Tragically, two copycat crimes were committed in the United Kingdom soon after the film’s completion. In 1973, a Dutch girl was raped in Lancashire by men who sang ‘Singin’ in the Rain’. And a sixteen year-old boy beat a younger child whilst wearing Alex’s uniform of white overalls, a black bowler hat and combat boots. These attacks, coupled with his family receiving several death threats, prompted Kubrick to have the picture withdrawn in the UK in 1973. It was not publicly released there until after his death in 1999. In 2000 it was finally released in the UK and Australia.
When McDowell recorded the narration he would often feel the need to stretch his legs. Whenever that happened, Kubrick would challenge him to a game of table tennis. They played numerous games over the course of filming but the director was never able to win. Not even once. Malcolm was quite a skilled player. He was later irritated to find that his salary had been docked for the hours spent playing the game! Kubrick was known to adopt a similar tactic with actors who could play chess. He was a good chess player and seldom lost against George C. Scott and others.

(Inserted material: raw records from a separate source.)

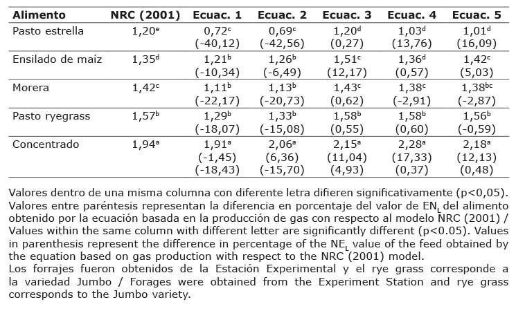 Al aplicar las ecuaciones del modelo NRC (2001) se agrupó a los alimentos en estudio en cinco grupos a partir de la prueba de Tukey, cada alimento representó un grupo diferente (Cuadro 4), en orden descendente el valor de ENL fue: alimento concentrado para vacas lecheras, ryegrass, morera, ensilado de maíz y pasto estrella.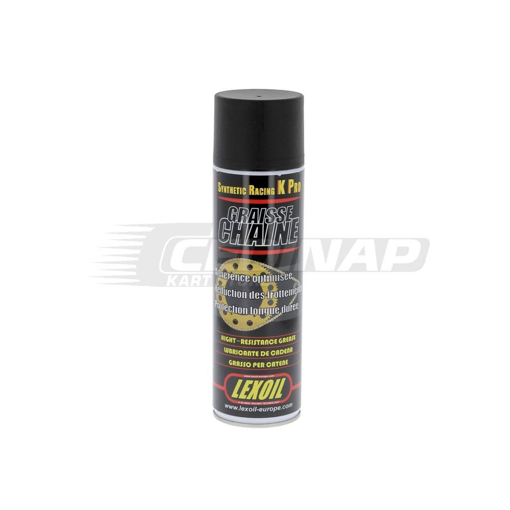 Le lubrifiant pour chaines de LEXOIL est un produit à très hautes performances. Il a été spécialement développé pour la compétition et il garantit une lubrification toujours optimum et durable. Particulièrement adhésif, il résiste à l´eau et à la vapeur. Sa composition à base de polymères de synthèse et d’additifs anti-usure prolonge la durée de vie de la chaine. Il conditionne un film lubrifiant et protecteur qui réduit les frottements et évite tout grippage. Il est également parfaitement adapté à la lubrification des chaines à joints O-ring.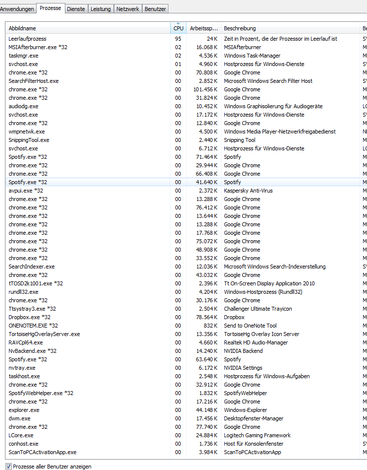DArüber sind nur weiteres Threads des Chrome und Kaspersky was aber auch nix an CPU zieht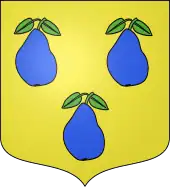 La seconde branche de cette famille obtint le , concession du titre de baron transmissible par ordre de primogéniture masculine, et porte les armoiries suivantes : d'or à trois poires d'azur, deux, un, feuillées et tigées de sinople, l'écu sommé d'un heaume d'acier, fourré d'azur, grillé, colleté et liseré d'or, aux bourrelets et hachements d'or et d'azur.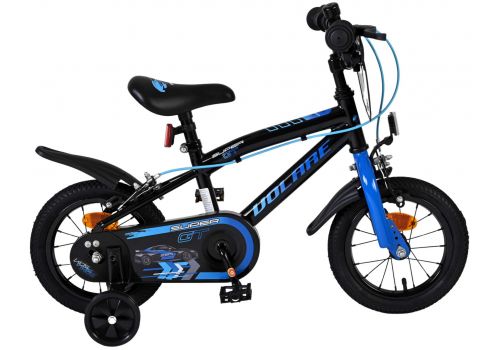 Veiligheid staat voorop! Daarom heeft deze gave fiets geen terugtraprem maar twee handremmen, een gesloten kettingkast en afneembare zijwieltjes. Daarnaast heeft de fiets reflectoren in de wielen, voor- en achterop de fiets en een leuke bel. Ook aan het comfort is gedacht. De mooie zwarte Volare fiets met blauwe accenten heeft een zacht zadel, een tijdloos design, en een uniek frame dat wel tegen een stootje kan. Om zo lang mogelijk van de fiets te kunnen genieten zijn het zadel en stuur in hoogte verstelbaar. Wordt geleverd inclusief al het montagemateriaal dat nodig is om de fiets in elkaar te zetten!

One of several aspects of this film that proved aggravating to some cinema-goers was the language spoken by Alex and his ‘droogs’. It was an invented dialogue called ‘Nadsat’ by the writer, Burgess; a mixture of English, Russian and slang. And there was simply too much of it in the movie. After the first edition of the novel a glossary appendix was added to subsequent editions. Even Kubrick was concerned that too much of it would harm his picture. Burgess originally sold the movie rights to Mick Jagger for $500 when he needed quick cash. Mick had plans to make it with the Rolling Stones as the ‘droogs’, but then re-sold the rights for a much larger amount.
The actress originally cast for the rape scene found the demands of the shoot too difficult and quit. She was replaced by Adrienne Corri who quickly became infuriated at the large number of takes Kubrick insisted upon. She felt it could have been done far more swiftly. McDowell recalled her saying to him at one point that the endless takes would ensure he would soon get to see she was ‘a natural redhead.’ At her audition Adrienne (who was forty at the time) was instructed by Kubrick to remove all her clothing. This she was prepared to do if she got the part, but not for the audition. ‘Suppose we don’t like your tits?’ said the director. ‘Then you pay me and then you send me back, Stanley, but you pay me’, was her response. So he agreed. The rape sequence that featured her took ten days to film!

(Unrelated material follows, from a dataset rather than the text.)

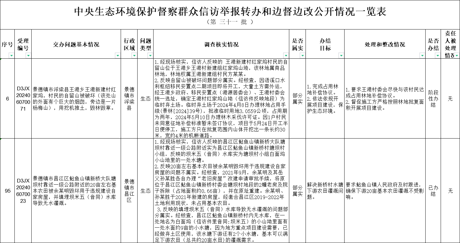 截至6月17日,对中央第三生态环境保护督察组向景德镇市移交的第三十一批群众信访举报件2件,各责任单位均按要求上报调查处理情况。根据督察要求,群众信访举报转办和边督边改公开情况一览表将在报纸、网站等媒体上公布。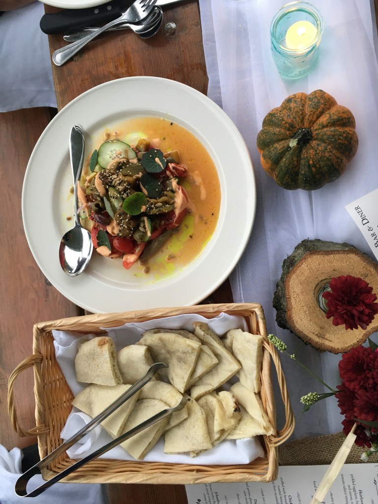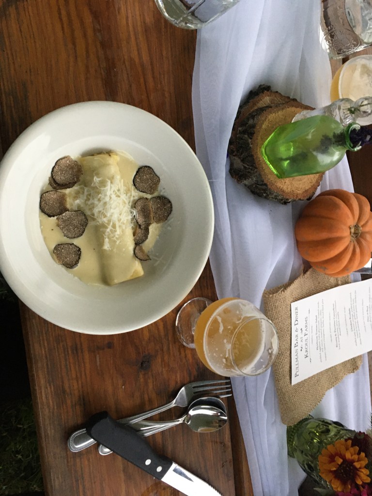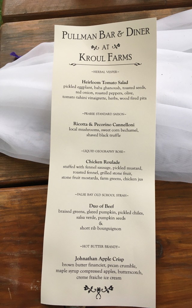 There is no better way to ring in fall than an amazing meal, and a few drinks while sitting at picnic table on a beautiful farm. In the last 5 years, fall for me has always started the day of the Kroul Farm/Pullman Diner dinner! In the past, the days were a bit warm at times, a bit chilly, and this year soggy and rainy but the staff from both places always go above and beyond and deliver an absolutely stellar and memorable dinner! Special shout out to the Kroul family, Cory Kent, Ben Smart, T.J. Lytle and all the chefs and staff that made this night happen again! On to the dishes:

Kubrick’s overuse of naked and semi-naked women throughout this picture is unnecessary and clearly exploitive. As he would do in Eyes Wide Shut (1999), he did take after take after take of those scenes, yet they account for very little actual screen time. There is even a scene in which McDowell is seen in full frontal nakedness when he plays the scene in prison in which his rectum is examined by a guard with a pencil torchlight. Surely, that scene was completely irrelevant to the story. When a rival gang attempts to rape a young woman, the camera cuts to them earlier than the narrative indicates. Consequently, the audience gets to see the girl getting stripped by her assailants. There was no need to do this. There are also several phallic symbols and references used: The snake crawling between the legs of the woman in the poster; the popsicles being licked and sucked by the girls in the record store; the tip of Alex’s walking stick and the male genitalia object he uses to kill the cat woman.
McDowell has said that Kubrick personally conducted screen tests of actresses for the nude scenes. He would have them read Shakespeare as the camera operator zoomed in for close-ups of their breasts. Kubrick would then have prints made of those close-ups so he could flip through them in his office. Malcolm was quick to claim that the director realized that the unintended consequence of adopting this method was that he was unable to identify the actresses he wanted! In a 1990s interview, Virginia Wetherell, the actress who appeared topless and makes the ‘reformed’ Alex sick on stage, made the mistake of asking Kubrick what colour and kind of panties she should wear for the scene. He asked her to model a few pairs which she did while topless. Then he had her go to the department store and pick up a few dozen more pairs of panties. And she duly modelled all of them. Over and over. She assumed he was the perfectionist she had read about, but a friend told her later that Kubrick obviously just liked seeing her naked.
McDowell claimed that he had negotiated a salary of $100,000 plus 2.5% of the picture’s profits, but Kubrick had told him to just take the $100,000 because Warner Brothers would never agree to the percentage deal as well. Much later, Malcolm bumped into a Warners executive who casually commented that the 2.5% must be keeping his bank manager happy. Kubrick had kept the percentage for himself.